Member of the Michigan House of Representatives from the 62nd district
- In office January 1, 1981 – December 31, 1982
- Preceded by: Charlie James Harrison Jr.
- Succeeded by: Charlie James Harrison Jr.

Personal details
- Born: July 7, 1925 Peoria, Illinois
- Died: April 18, 2015 (aged 89) Oro Valley, Arizona
- Party: Republican
- Alma mater: University of Detroit

= L. Jean Willoughby =

American politician

L. Jean Willoughby (née Kauffman; July 7, 1925 – April 18, 2015) was an American politician.

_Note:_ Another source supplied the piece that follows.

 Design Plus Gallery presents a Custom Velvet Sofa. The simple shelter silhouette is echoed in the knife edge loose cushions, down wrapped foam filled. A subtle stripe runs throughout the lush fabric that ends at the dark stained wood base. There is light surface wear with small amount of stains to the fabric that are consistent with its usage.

==Early life and education==
L. Jean Kauffman was born on July 7, 1925, in Peoria, Illinois, to parents Louis and Agnes Kauffman. Jean attended Academy of Our Lady. She became a registered nurse at St. Francis Hospital, after which she met her husband, William A. Willoughby. Jean and William married in 1949. Together they had six children. After having children, Jean went to college. From the University of Detroit, she earned a BA in communications and an MA in political science.

==Career==
In 1980, Willoughby, residing in Bloomfield Hills, sought political office for the first time. She ran as a Republican against the incumbent Democratic State Representative Charlie James Harrison Jr. of Pontiac, who had already served four-terms, in the 62nd district. David Kushma of the Detroit Free Press described Willoughby's victory on November 4 as the "biggest upset" of the 1980 state house elections. Willoughby won by a slim margin of 346 votes. This was confirmed after a recount.

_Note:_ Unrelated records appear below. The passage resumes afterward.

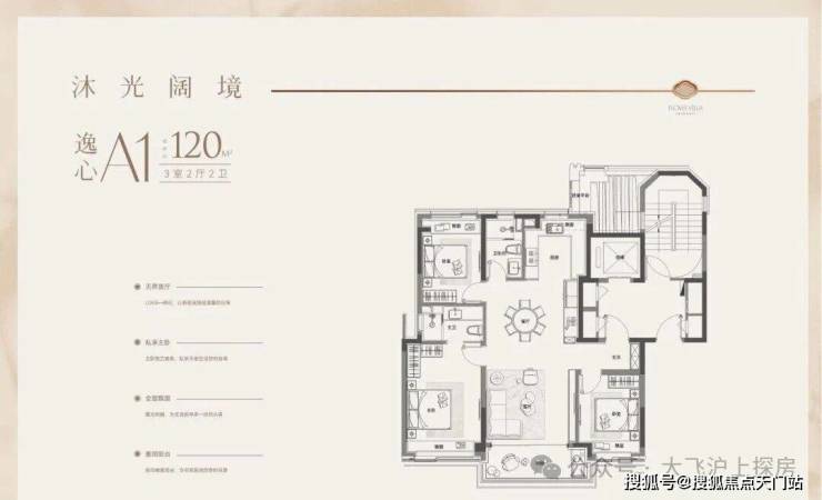 户型特点:边套户型,3开间朝南,方正格局。客餐厅一体化设计,餐厅空间宽敞,客厅进深较短但可通过与阳台连通优化空间感。全屋飘窗设计,边套南北卧室为270°转角飘窗,采光充足。独立电梯厅约7-8㎡,可改造为玄关或收纳空间。
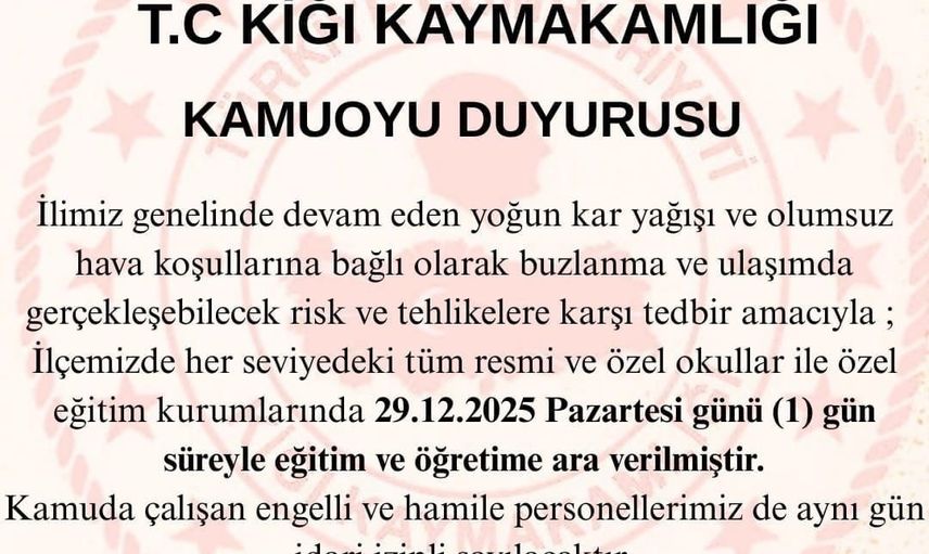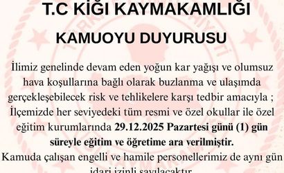 Kiğı Kaymakamlığı ve Adaklı Kaymakamlığı tarafından yapılan açıklamada, Bingöl genelinde etkisini sürdüren yoğun kar yağışı, buzlanma ve ulaşımda yaşanabilecek riskler nedeniyle tedbir amaçlı karar alındığı duyuruldu.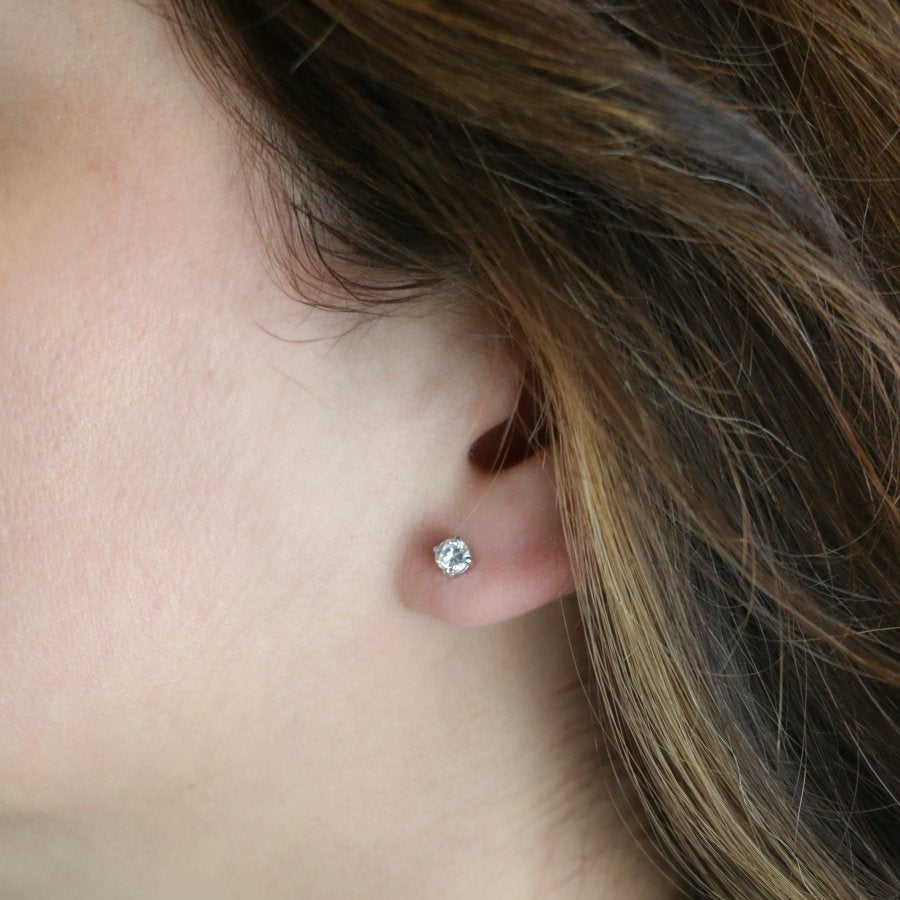 Au quotidien, une puce doit tenir en place et se faire oublier. La fermeture poussette en or blanc, en or jaune ou en argent se choisit au bon diamètre pour épouser le lobe. Sur une pierre de petit carat, un serti clos apporte de la douceur ; sur un diamant plus présent, quatre griffes raffinées laissent entrer la lumière et équilibrent la taille brillant.

As state representative, Willoughby continued the support of her Democratic predecessors for state subsidies for the Pontiac Silverdome. The stadium was within the boundaries of her district. In 1981, she argued it was important for the state to continue its funding of the Silverdome as the 1982 Super Bowl was being hosted there, which would bring the state a profit.

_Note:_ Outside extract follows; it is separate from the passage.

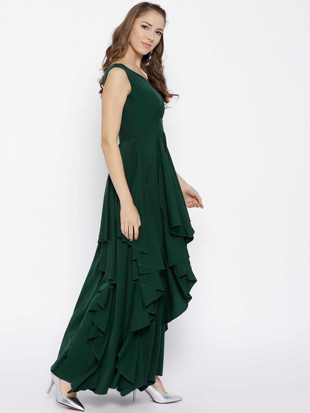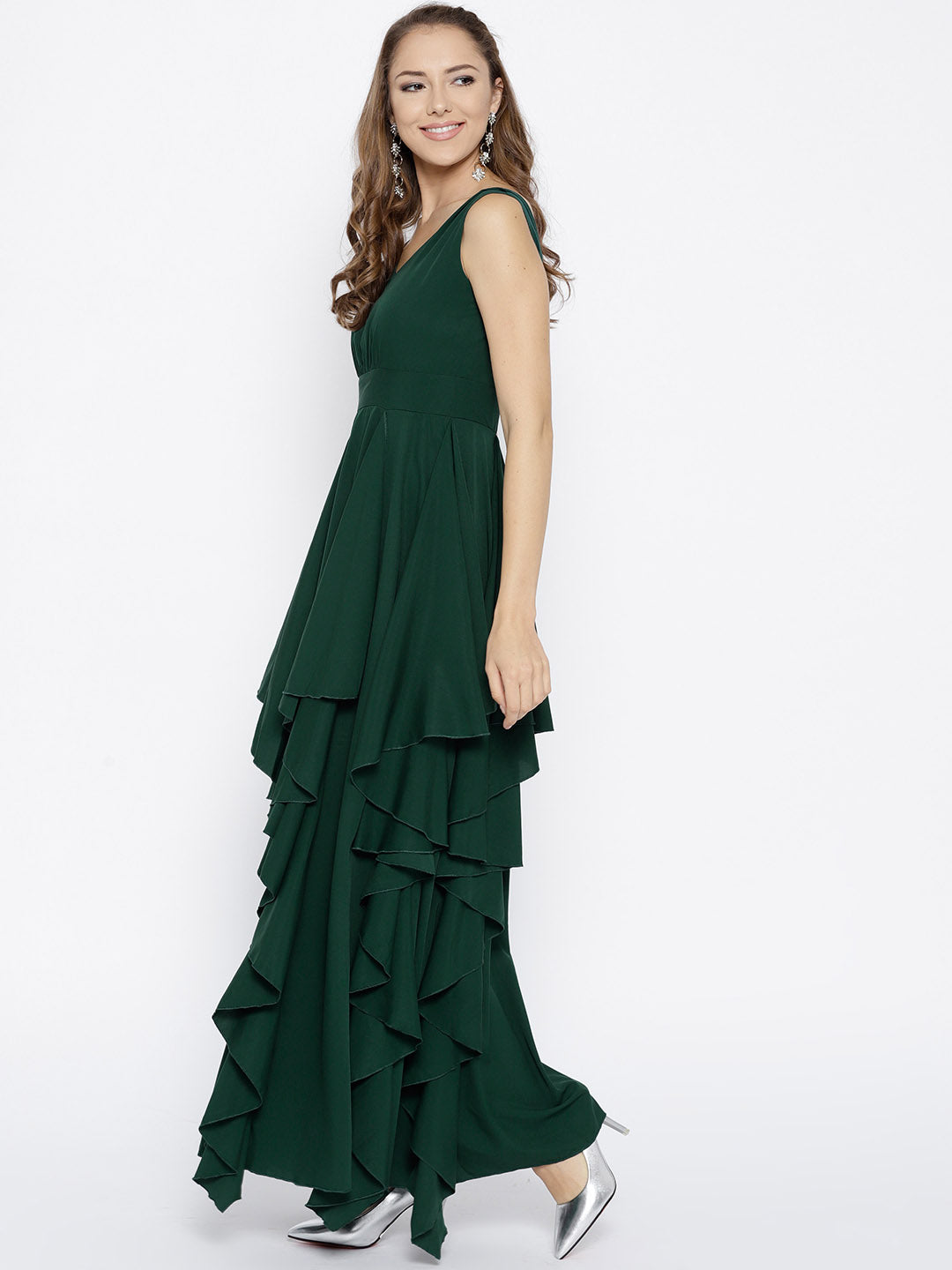 Berrylush Women Solid Green V-Neck Crepe Asymmetrical Hem Ruffled Maxi Dress

In 1982, the state house districts were re-drawn and Willoughby was in the new 65th district. Willoughby attempted re-election against incumbent Republican State Rep. Ruth McNamee of Birmingham in the primary election. Willoughby was ultimately defeated by McNamee.

From 1983 to 1991, Willoughby worked as budget director for Oakland County.

==Personal life==
Willoughby was Roman Catholic.

==Later life and death==
Willoughby retired to Horseshoe Bay, Texas. There, she volunteered as a guardian ad litem for Court Appointed Special Advocates. She later moved to Tucson, Arizona. Willboughby died in her home in Oro Valley, Arizona, on April 18, 2015.